* _AIM OF THE TASK_:
Look through the records below for the line with "記者看到,川匯區(qū)直播" and the line with "Следующий день рождения", then return those lines and all lines between, exactly.

* _DATA FOR THIS TASK_:
=== Section Start ===

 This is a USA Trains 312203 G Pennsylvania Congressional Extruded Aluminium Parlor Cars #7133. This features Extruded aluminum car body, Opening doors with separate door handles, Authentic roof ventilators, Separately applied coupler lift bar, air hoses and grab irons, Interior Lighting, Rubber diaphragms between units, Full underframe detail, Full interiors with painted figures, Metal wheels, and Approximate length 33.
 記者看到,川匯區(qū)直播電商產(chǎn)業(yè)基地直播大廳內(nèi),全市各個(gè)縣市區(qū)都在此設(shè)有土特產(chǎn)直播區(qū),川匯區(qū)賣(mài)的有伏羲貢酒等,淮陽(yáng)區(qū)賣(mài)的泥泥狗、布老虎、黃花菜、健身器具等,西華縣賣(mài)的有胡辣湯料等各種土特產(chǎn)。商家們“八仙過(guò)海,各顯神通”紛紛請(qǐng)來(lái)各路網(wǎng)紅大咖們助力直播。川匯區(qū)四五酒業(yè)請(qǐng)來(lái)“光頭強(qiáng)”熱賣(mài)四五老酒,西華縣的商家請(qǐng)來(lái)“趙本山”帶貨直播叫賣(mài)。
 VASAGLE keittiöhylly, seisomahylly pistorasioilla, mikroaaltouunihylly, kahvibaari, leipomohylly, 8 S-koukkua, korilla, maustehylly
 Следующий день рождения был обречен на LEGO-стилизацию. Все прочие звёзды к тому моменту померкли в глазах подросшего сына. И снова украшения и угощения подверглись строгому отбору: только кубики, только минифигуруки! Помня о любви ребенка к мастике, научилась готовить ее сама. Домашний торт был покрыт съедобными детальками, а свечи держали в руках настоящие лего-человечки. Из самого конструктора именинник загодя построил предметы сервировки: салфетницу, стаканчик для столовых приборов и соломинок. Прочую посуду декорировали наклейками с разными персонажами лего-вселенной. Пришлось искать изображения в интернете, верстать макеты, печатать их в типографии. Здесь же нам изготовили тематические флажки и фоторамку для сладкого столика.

=== Section End ===
=== Section Start ===

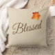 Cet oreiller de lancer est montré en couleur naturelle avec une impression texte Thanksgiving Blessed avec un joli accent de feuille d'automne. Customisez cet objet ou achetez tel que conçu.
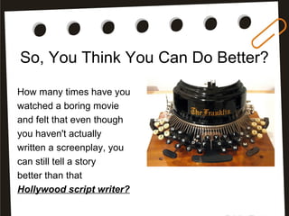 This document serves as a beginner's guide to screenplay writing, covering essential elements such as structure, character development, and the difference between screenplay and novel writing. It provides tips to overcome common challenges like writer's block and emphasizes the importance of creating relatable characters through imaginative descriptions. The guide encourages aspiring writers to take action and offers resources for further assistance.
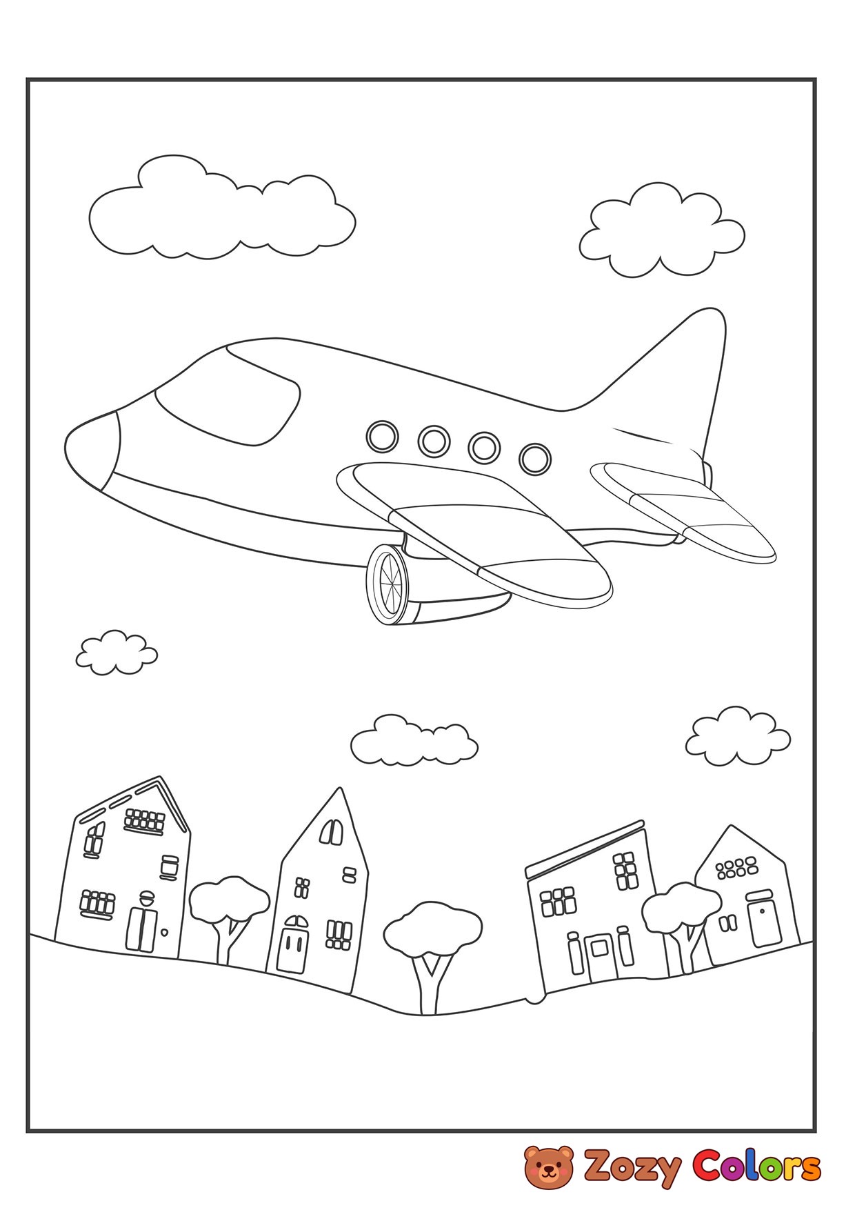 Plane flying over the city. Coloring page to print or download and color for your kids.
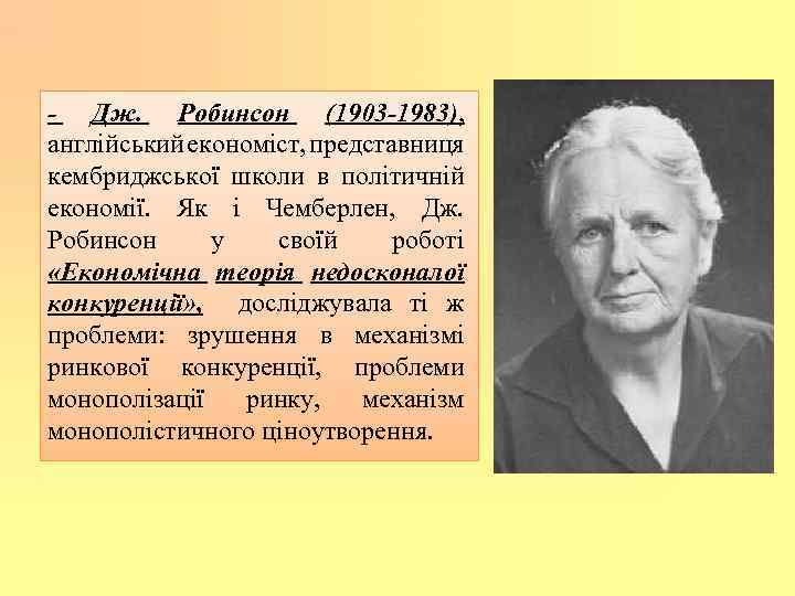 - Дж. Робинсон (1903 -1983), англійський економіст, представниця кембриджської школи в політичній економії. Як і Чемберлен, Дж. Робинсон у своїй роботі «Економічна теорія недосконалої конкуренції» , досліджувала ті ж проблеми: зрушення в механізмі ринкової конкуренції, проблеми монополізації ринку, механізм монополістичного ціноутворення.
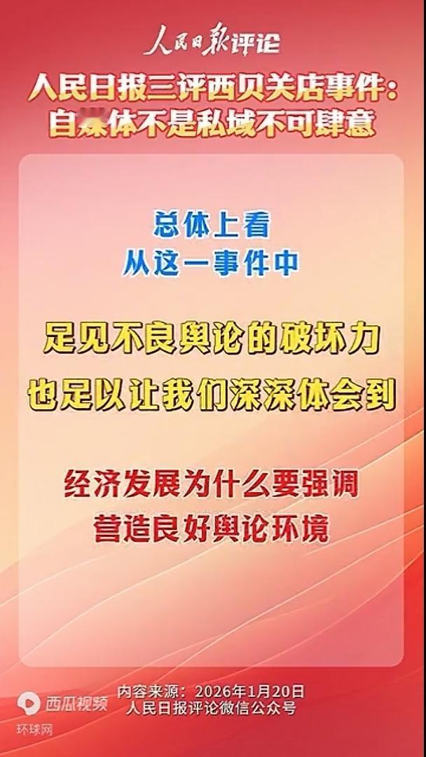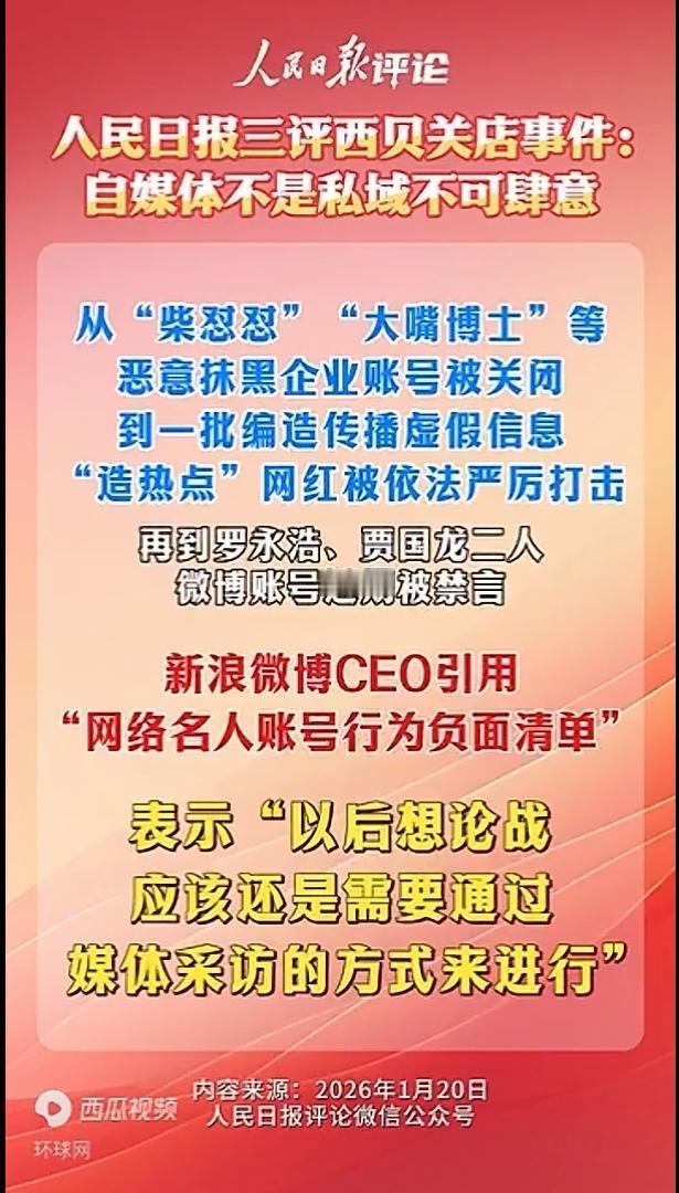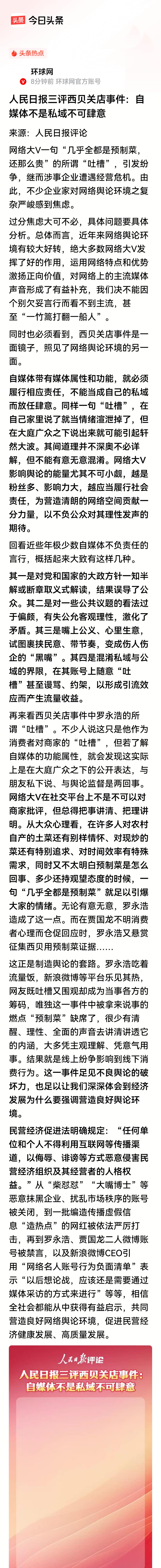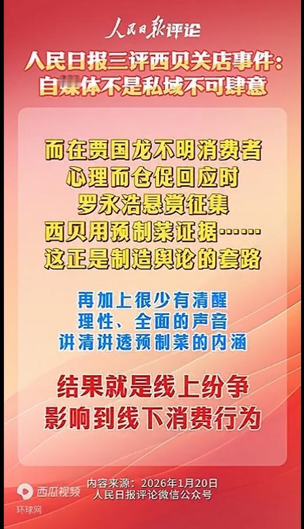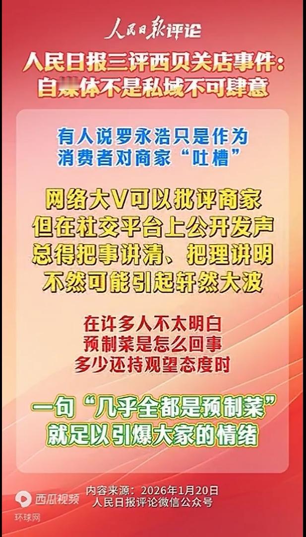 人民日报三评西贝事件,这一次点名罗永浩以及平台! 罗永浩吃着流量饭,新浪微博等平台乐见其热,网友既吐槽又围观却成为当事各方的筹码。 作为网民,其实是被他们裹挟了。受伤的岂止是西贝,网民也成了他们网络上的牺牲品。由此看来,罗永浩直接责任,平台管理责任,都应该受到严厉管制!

=== Section End ===

* _OUTPUT FOR THIS EXERCISE_:
 記者看到,川匯區(qū)直播電商產(chǎn)業(yè)基地直播大廳內(nèi),全市各個(gè)縣市區(qū)都在此設(shè)有土特產(chǎn)直播區(qū),川匯區(qū)賣(mài)的有伏羲貢酒等,淮陽(yáng)區(qū)賣(mài)的泥泥狗、布老虎、黃花菜、健身器具等,西華縣賣(mài)的有胡辣湯料等各種土特產(chǎn)。商家們“八仙過(guò)海,各顯神通”紛紛請(qǐng)來(lái)各路網(wǎng)紅大咖們助力直播。川匯區(qū)四五酒業(yè)請(qǐng)來(lái)“光頭強(qiáng)”熱賣(mài)四五老酒,西華縣的商家請(qǐng)來(lái)“趙本山”帶貨直播叫賣(mài)。
 VASAGLE keittiöhylly, seisomahylly pistorasioilla, mikroaaltouunihylly, kahvibaari, leipomohylly, 8 S-koukkua, korilla, maustehylly
 Следующий день рождения был обречен на LEGO-стилизацию. Все прочие звёзды к тому моменту померкли в глазах подросшего сына. И снова украшения и угощения подверглись строгому отбору: только кубики, только минифигуруки! Помня о любви ребенка к мастике, научилась готовить ее сама. Домашний торт был покрыт съедобными детальками, а свечи держали в руках настоящие лего-человечки. Из самого конструктора именинник загодя построил предметы сервировки: салфетницу, стаканчик для столовых приборов и соломинок. Прочую посуду декорировали наклейками с разными персонажами лего-вселенной. Пришлось искать изображения в интернете, верстать макеты, печатать их в типографии. Здесь же нам изготовили тематические флажки и фоторамку для сладкого столика.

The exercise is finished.